But now it was time for them to get motivated, to contribute to the rewilding through more than just reproducing themselves at an ever faster rate. So, I got to thinking about that damn invasive spiderwort and how it doesn’t root very deep, so there’s at least that in any gardener’s favor . . . maybe even . . . a nonhuman one.

Next, I calculated the amount of seed spillage by doves over the side of the birdfeeders. This, by sheer chance, happens to be the exact amount of birdseed the squirrels eat daily. I came up with a plan to put less birdseed in the feeder, but refill it more often, resulting in almost no spillage. More work for me, but less work in another way, as you’ll see.

Because then I started, on every second day, to implement the new schedule and put those damn squirrels to work. I sprinkled the exact amount of spilled birdseed over the invasive spiderwort and exhorted the squirrels to become gardeners themselves.

“Weed that out!” I would shout through a bullhorn on the deck. “Weed it, squirrels! Weed it! Weed it good!”

And, lo and behold, they did! In foraging for the seeds, they completely tore up and destroyed the spiderwort. Why, they could clear a five-foot section in a day! It was miraculous and such a pure interaction. Honest squirrel labor was being rewarded on honest squirrel terms—and all I had to do is keep shifting where I sprinkled the seed.

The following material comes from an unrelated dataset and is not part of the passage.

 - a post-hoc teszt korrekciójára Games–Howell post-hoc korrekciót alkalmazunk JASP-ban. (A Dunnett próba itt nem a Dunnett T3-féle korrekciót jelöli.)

Now, too much of a good thing is still a bad thing, so I only do this on a limited basis when I run out of energy to weed. But, to this day, the hardworking squirrel gardeners of the ravine roll up their nonexistent sleeves on their cute little furry arms and go to work on the irregular as my trusted assistants in the fight against invasive plants.


Neighbors depressed about your weedy front yard? Try periscoping plants.

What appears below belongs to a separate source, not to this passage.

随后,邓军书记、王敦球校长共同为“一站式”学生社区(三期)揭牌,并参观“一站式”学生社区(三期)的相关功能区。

You might think that raccoons, armadillos, and squirrels are some of a gardener’s biggest foes when rewilding, even though I’ve proven you dead wrong on all three of those amazing critters that you should instead be cherishing. In fact, if you plant native plants, it may well be a neighbor who looks askance at your front lawn.

Why, I’ve even heard of neighbors sneaking around in the middle of the night and creeping over to dig up other people’s plants, just like a raccoon, except tossing them instead of laying them on their sides. This usually happens just because native plants can look unruly and, unfortunately, many of us seem to like a bit of order in our gardens above all else.

My solution came down to a belief in the gaslighting plants that are periscoping wildflowers. Oh, oh—it looks like a weed—oh, oh wait, it doesn’t. It wasn’t ever a weed—why do you ask?

Basically, these periscoping wildflowers only look unkempt for a few weeks in the spring. To test out my theory of kempt/unkempt, I decided to plant some periscopers in the front yard ditch, for all to admire: flowers that in the summer, fall, and winter look like very flat leaves close to the ground. Then, in March and April, stalks grow up warily about two feet tall and on the end sprout the flowers—rich with pollen for pollinators.

For about a month, my front yard looks like a meadow of infinite proportions, a giddy, pollen-drunken mess o’ weeds having a twenty-four-hour block party. This is actually a showcase for highly sophisticated wildflowers of maximum value to the world.

And yet, just as a neighbor begins to complain . . . it’s the end of the season and frantic calls of “Down periscope! Down periscope!” all around. Such that the depth charge of the neighbor’s complaint never reaches my ears.

Such bliss of silence. The problem has sorted itself. The lawn is flat. Flat, flat, flat, as apparently it should be, horizontalism apparently close to godliness and verticalness close to the devil and the hellfire of sin.



Now, will all these tips work in your neck of the woods? I surely don’t know, because so many solutions are specific to regions, just like plants. Your raccoons may not like yellow jackets quite as much. Your armadillos may be woodchucks (in which case: bless, cherish, repeat).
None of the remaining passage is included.